Wednesday, December 31, 2014

The Bebop Era in CBS Jazz Masterpieces series


   The era of deep political and economic crisis was also the crucial moment in the history of 20th century music. Many historians see this movement as an effect of 2nd world war, but its range shows it could have been a reaction for wider cultural processes including rise of totalitarian regimes and social crisis changing traditional social preferences. In fact, late 30’s and early 40’s marked the dark period of European history, were even dance music was in shade of marching bands. On the other hand, those were the years of great changes in American culture. Participation in war, economic boom and redefinition of world politics were the background of various social movements marking the general change of American and global culture. It was also the turning moment of great change between traditional and modern jazz – first bebop, than hard bop and cool jazz, the outburst of new tendencies rapidly reshaped great part of musical culture.
   The bebop style became recognized as a new style in early 1940’s, although some elements of this trend were presented earlier in Kansas City school and in some swing big bands during 1930’s. Many big bands especially from Kansas City metropolitan area were evolving new style and played music including elements of the new style. Unlike swing and earlier styles being offshoot from popular dance music, in bebop era jazz became genre of artistic. In place of dance structures with improvised choruses typical for swing music, bebop introduced more free style of improvisations based on harmonies and some variations loosely connected to the theme. Fast tempos and virtuosity didn’t left too much place for doubts – main purpose of this music was just to create listener’s impression. Such attitude makes bebop closer to idea of concert music than traditional Dixieland hot style.
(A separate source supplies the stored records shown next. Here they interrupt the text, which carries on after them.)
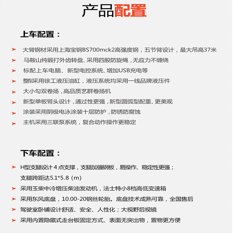 4.整車(chē)采用徐工液壓油缸,液壓系統(tǒng)均采用一線(xiàn)品牌液壓件
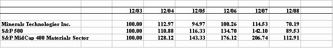 We also have audited, in accordance with the standards of the Public Company Accounting Oversight Board (United States), Mineral Technologies Inc. and subsidiary companies' internal control over financial reporting as of December 31, 2008, based on
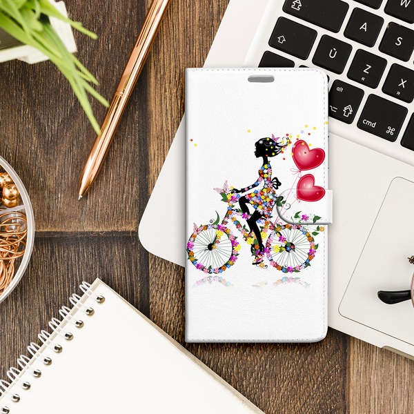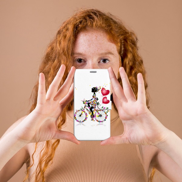 Krytoland pouzdra a kryty na mobil > Kryty a puzdrá na mobilné telefóny > iPhone > iPhone 12 Pro > Flipové / Knižkové puzdrá > Flipy dizajn > Biela > Puzdro na mobilný telefón iPhone 12 Pro - Dievča na bicykli
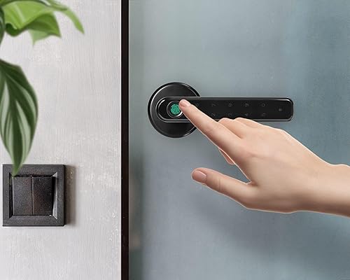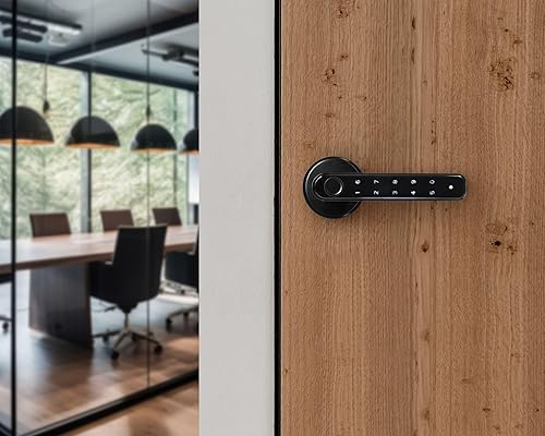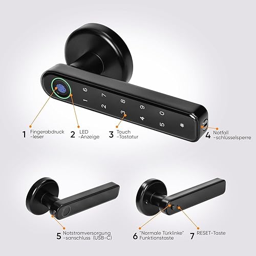 Miratic Türgriff Mit Fingerprint Elektrisches Türschloss mit Touch-Tastatur und SMART-Funktion Elektronisches Türschloss USB-C-Notstrom Bluetooth 5.0 Schwarz
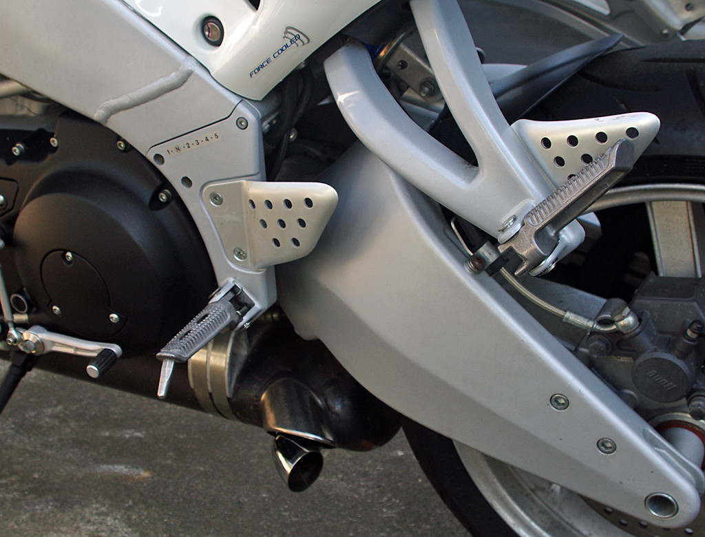 このBuell FIREBOLT XB9Rの出荷直前に、「排気口は後方を向いていないといけない!」と規制されたらしく、写真中央下のマフラーエンドを取り付けないと車検は通らない。さすがのErik Buell(エリック・ビューエル)も設計段階で、日本でそんなアホな規制が発動されるとは思いもよらなかったのだろう。これは付いているといかにも「取って付けた感」があって変だ。だから次のイヤーモデルからは標準で排気口が後方を向いた仕様になった。
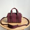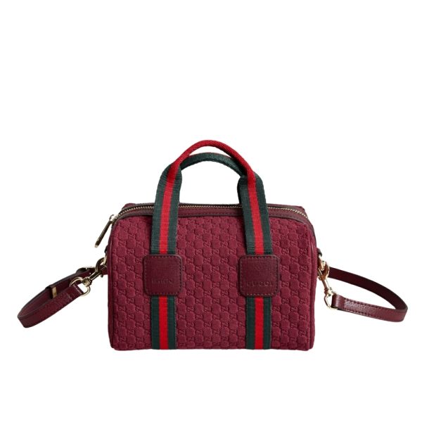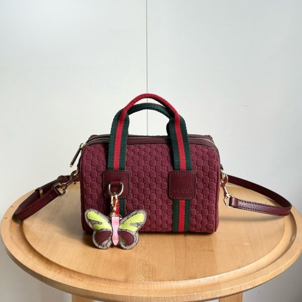 Inspired by the Gucci duffle silhouette, the Mini GG handbag continues to revisit the House’s codes and celebrated travel legacy with different materials. This version is crafted in suede for an added touch of sophistication, which speaks to its effortless elegance while highlighting the signature GG motif.
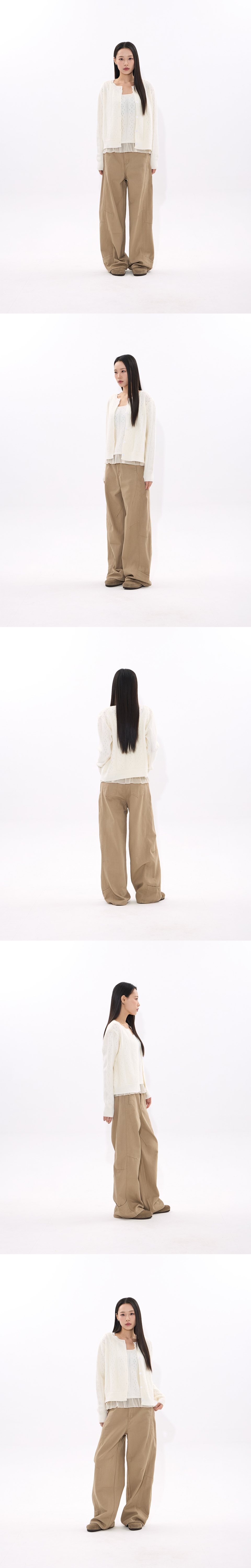 Curved Wide-Leg Work Pants (BEIGE)
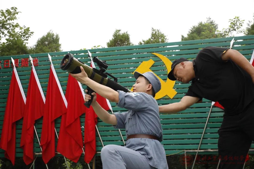 最后,所有成员走进八路军实践基地,共同上了一堂“有实践的思政课”,大家身穿军装,精神抖擞,切身实地体验革命场景。通过感受迫击炮、火箭筒的发射过程,学习红缨枪的使用,在亲自参与、亲身体验中,了解革命故事,学习党的历史。在嘹亮的红歌中,本次社会实践活动圆满结束。
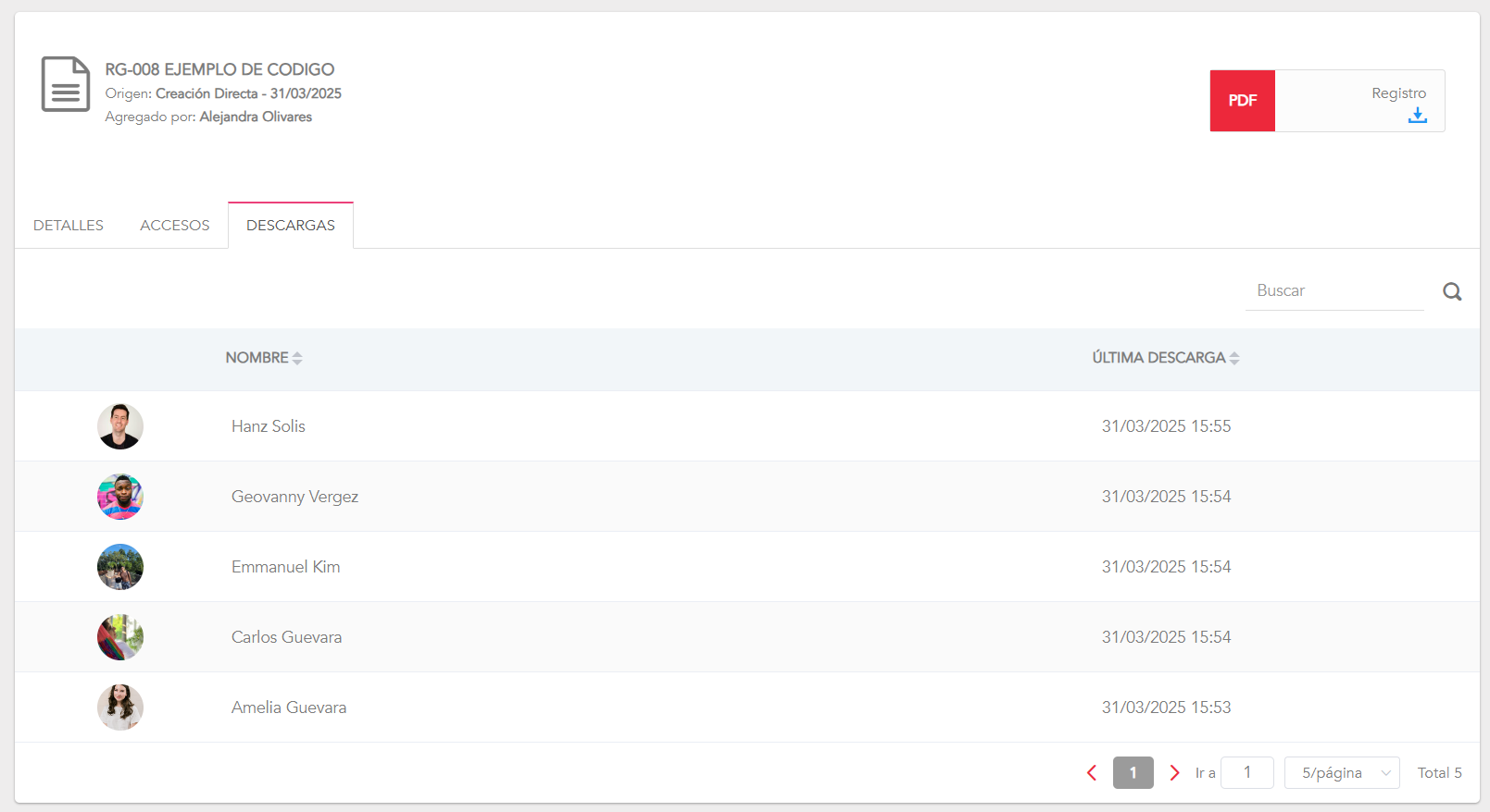 - Revisa el listado con el historial de las descargas realizadas sobre el registro.
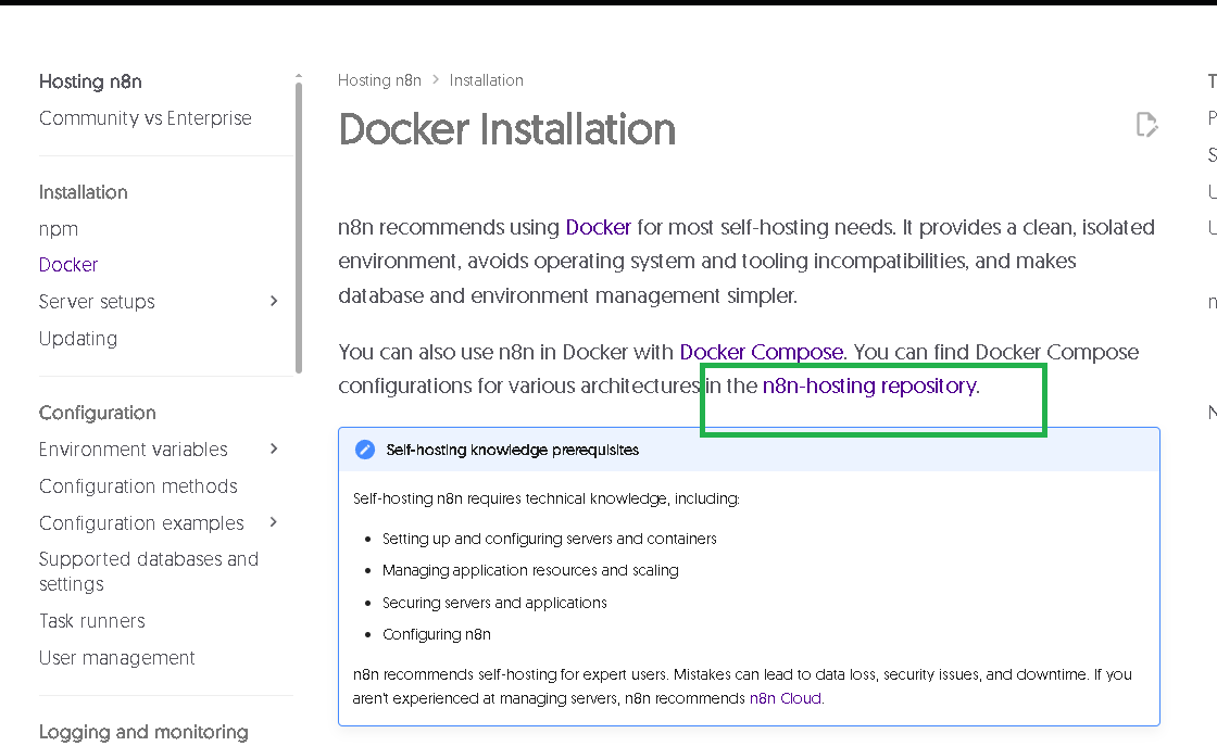 中間有一段 n8n-hosting repository.,我們要從裡面取得 docker-compose.yml 的安裝腳本

Jazz – The Bebop Era (1987)

   The compilation of bebop masterpieces remastered from original analog tapes is a try to comprise the vast spectrum of most creative jazz recordings from 1942-1951. The long list of few dozens of albums in CBS Jazz Masterpieces series presents best albums published as re-editions of complete remastered recordings. Some compilations were made to show best of CBS artists, like Louis Armstrong, Count Basie or Billie Holiday, some are dedicated to one type of recordings, vocalists, combos or big bands. One of such editions is compilation showing most representative bebop era recordings. It’s needless to say, with just one LP is just impossible to fulfill such promise. But still this selection of 14 tracks can be both informative and nice to listen.
   One can find here selected recordings of artists forming foundations of new style and late masterworks like classical live performance of Ornithology by Charlie Parker Quintet with Fats Navarro, Bud Powell, Curly Russell and Art Blakey in Birdland, June 30th, 1950 or 'Round Midnight played by Charlie Parker & The All-Stars with Gillespie, Powell, Tommy Potter and Roy Haynes in Birdland, March 31st, 1951. The perfect example of full-blown bebop style is Double Date recorded by legendary band Metronome All-Stars (band traditionally assembled of winners in annual Metronome magazine readers poll) with solos by Billy Bauer (g), Lennie Tristano (p), Serge Chaloff (bs), Lee Konitz (as), Buddy DeFranco (cl), Kai Winding (tb), Stan Getz (ts), Dizzy Gillespie (tr), Eddie Safranski (b) and Max Roach (dr). In fact whole of this short piece is a series of virtuoso solos connected by few bridges. Arranged by Pete Rugolo this was small musical jewel joining jazz with elements of contemporary classical music. The same artists besides Dizzy Gillespie were played in No Figs. The harmonic progression of this tune is based on the same sequence as Donna Lee. Choruses here are longer and slower tempo gives a chance to react on fellow musicians solos. Both tracks were recorded January 10th 1950. Great stuff in every phrase!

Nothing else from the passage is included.